AIM OF THE EXERCISE -> Retype nothing except the lines below from the one with "Use this 3/4" through the one with "Towards the left", exactly, with images left out.

*** MATERIALS PROVIDED Section Begins ***

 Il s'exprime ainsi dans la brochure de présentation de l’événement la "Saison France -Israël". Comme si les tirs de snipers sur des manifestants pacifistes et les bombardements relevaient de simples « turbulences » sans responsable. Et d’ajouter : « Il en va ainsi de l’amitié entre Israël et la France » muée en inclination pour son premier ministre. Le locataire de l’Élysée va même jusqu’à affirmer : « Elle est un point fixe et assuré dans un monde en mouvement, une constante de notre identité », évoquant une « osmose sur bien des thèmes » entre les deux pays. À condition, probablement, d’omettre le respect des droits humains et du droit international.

*** MATERIALS PROVIDED Section Ends ***
*** MATERIALS PROVIDED Section Begins ***

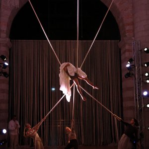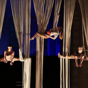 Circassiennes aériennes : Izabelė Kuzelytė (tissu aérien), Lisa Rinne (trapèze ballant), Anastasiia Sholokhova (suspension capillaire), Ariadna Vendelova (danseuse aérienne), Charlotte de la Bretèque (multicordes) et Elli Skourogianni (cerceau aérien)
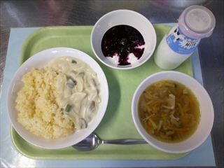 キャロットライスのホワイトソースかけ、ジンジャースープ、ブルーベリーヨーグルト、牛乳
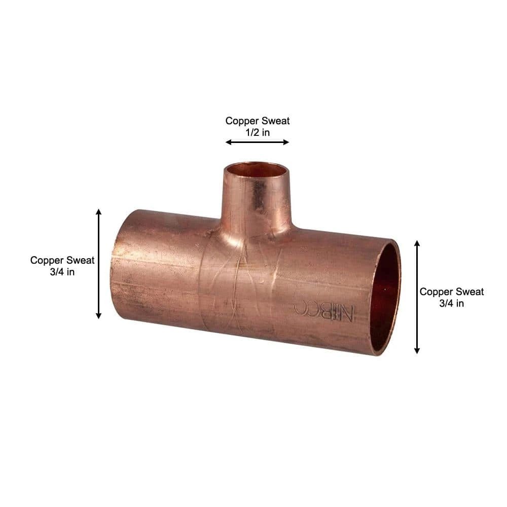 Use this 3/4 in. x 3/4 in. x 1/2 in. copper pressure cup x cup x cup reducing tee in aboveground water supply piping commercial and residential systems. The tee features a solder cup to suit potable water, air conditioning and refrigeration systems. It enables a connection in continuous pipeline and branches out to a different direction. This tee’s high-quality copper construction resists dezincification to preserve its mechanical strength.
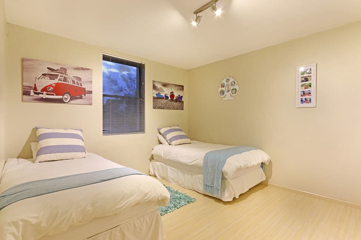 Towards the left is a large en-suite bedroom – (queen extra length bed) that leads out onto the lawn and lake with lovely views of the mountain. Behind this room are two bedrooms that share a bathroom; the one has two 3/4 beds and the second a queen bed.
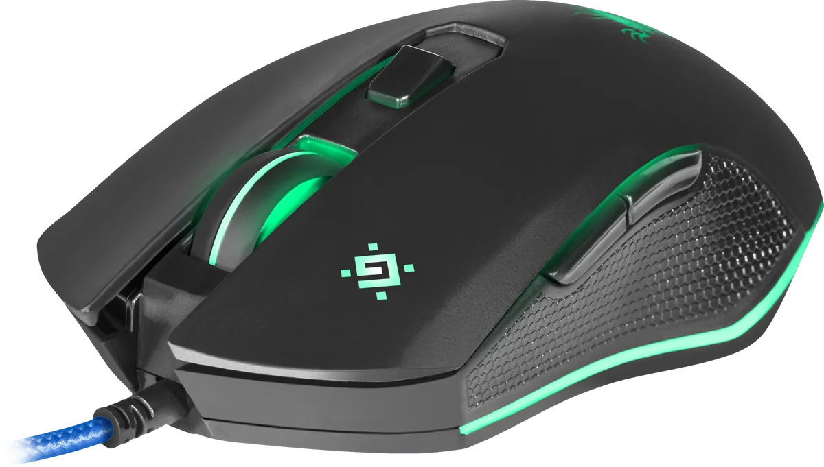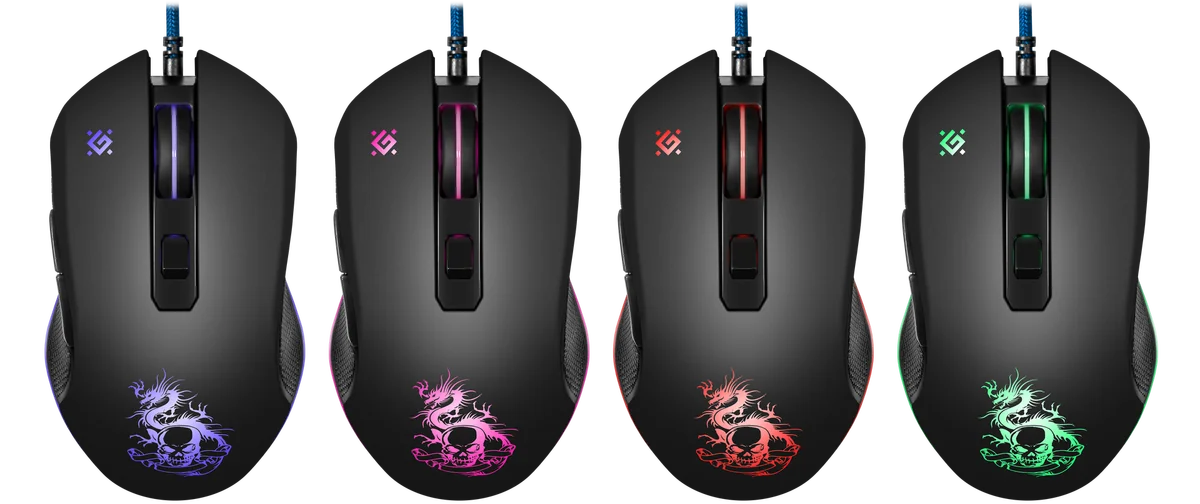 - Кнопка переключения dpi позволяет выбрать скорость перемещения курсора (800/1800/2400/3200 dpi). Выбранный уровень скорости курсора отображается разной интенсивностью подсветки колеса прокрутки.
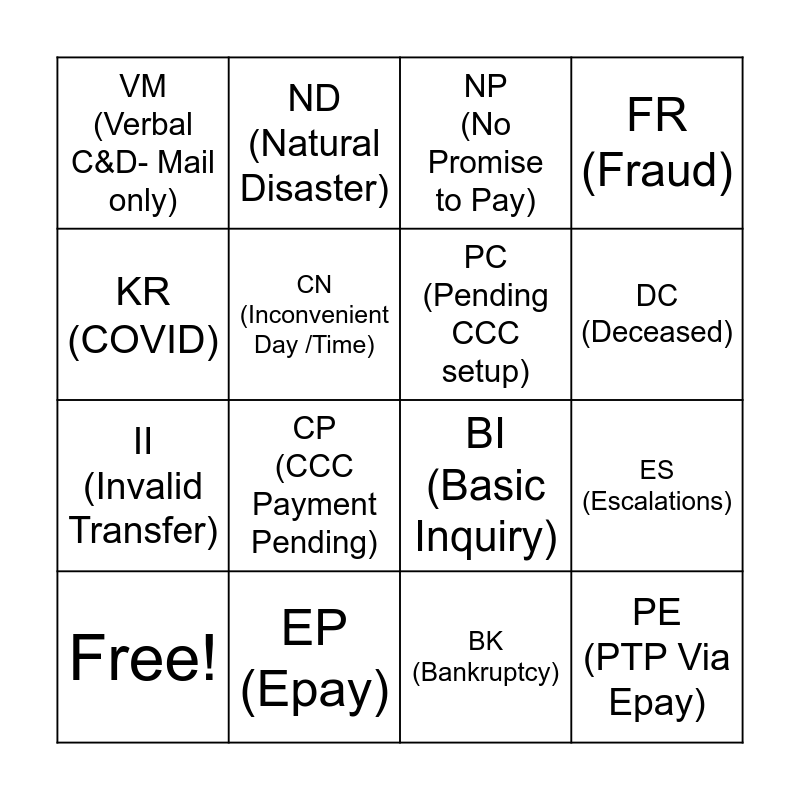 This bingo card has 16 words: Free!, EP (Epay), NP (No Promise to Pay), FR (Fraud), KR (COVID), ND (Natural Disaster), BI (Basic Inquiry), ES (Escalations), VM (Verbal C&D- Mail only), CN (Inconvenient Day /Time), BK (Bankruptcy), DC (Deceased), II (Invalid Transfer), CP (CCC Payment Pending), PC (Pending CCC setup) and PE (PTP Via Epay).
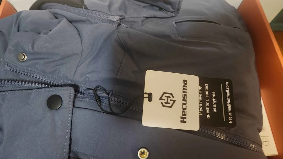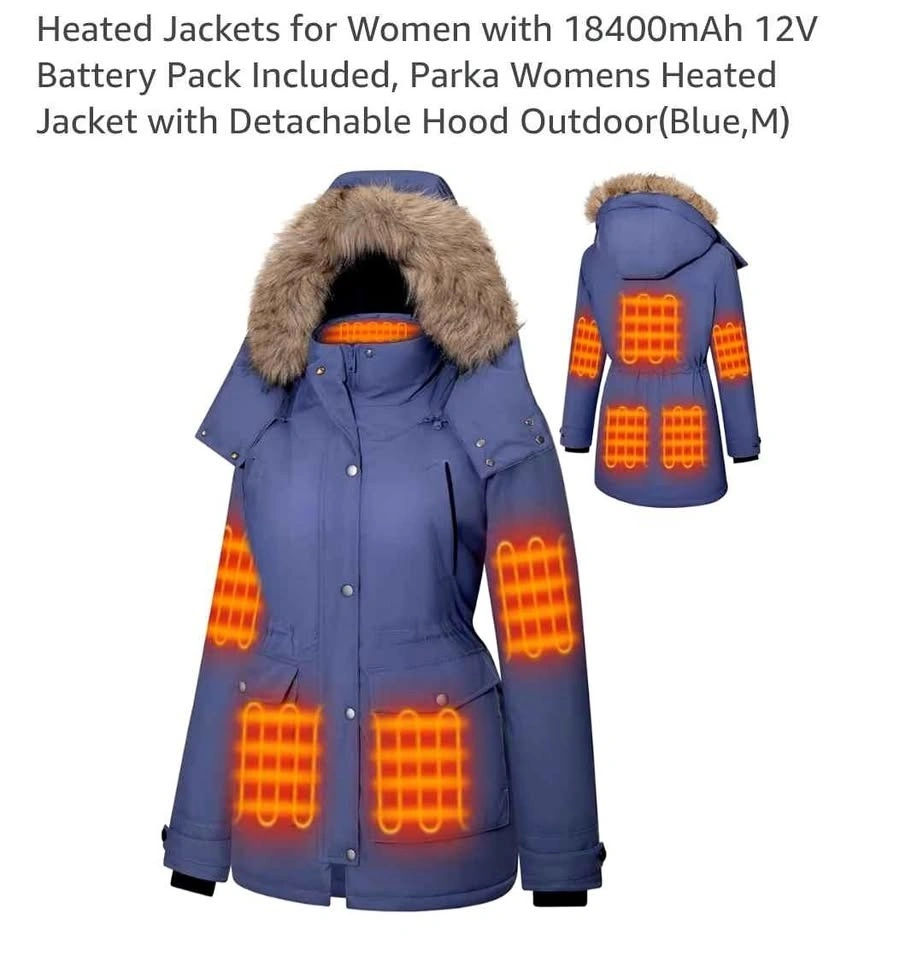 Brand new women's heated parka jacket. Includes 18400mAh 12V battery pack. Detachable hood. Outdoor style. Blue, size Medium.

*** MATERIALS PROVIDED Section Ends ***

FINAL ANSWER ->
 Use this 3/4 in. x 3/4 in. x 1/2 in. copper pressure cup x cup x cup reducing tee in aboveground water supply piping commercial and residential systems. The tee features a solder cup to suit potable water, air conditioning and refrigeration systems. It enables a connection in continuous pipeline and branches out to a different direction. This tee’s high-quality copper construction resists dezincification to preserve its mechanical strength.
 Towards the left is a large en-suite bedroom – (queen extra length bed) that leads out onto the lawn and lake with lovely views of the mountain. Behind this room are two bedrooms that share a bathroom; the one has two 3/4 beds and the second a queen bed.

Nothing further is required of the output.